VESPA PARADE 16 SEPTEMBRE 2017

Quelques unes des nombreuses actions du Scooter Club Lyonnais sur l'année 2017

...

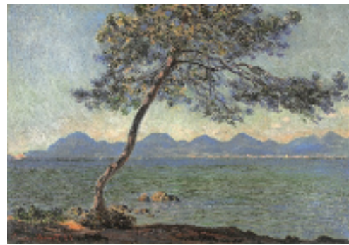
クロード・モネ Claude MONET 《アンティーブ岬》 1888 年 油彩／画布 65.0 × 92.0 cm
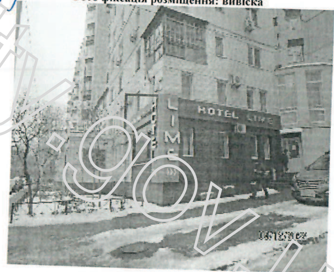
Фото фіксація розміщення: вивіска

What the task asks
Return, unchanged, the run of lines above that opens with the line containing "VESPA PARADE 16 SEPTEMBRE 2017" and closes with the line containing "Quelques unes des". Include both.

Solution to this problem
VESPA PARADE 16 SEPTEMBRE 2017

Quelques unes des nombreuses actions du Scooter Club Lyonnais sur l'année 2017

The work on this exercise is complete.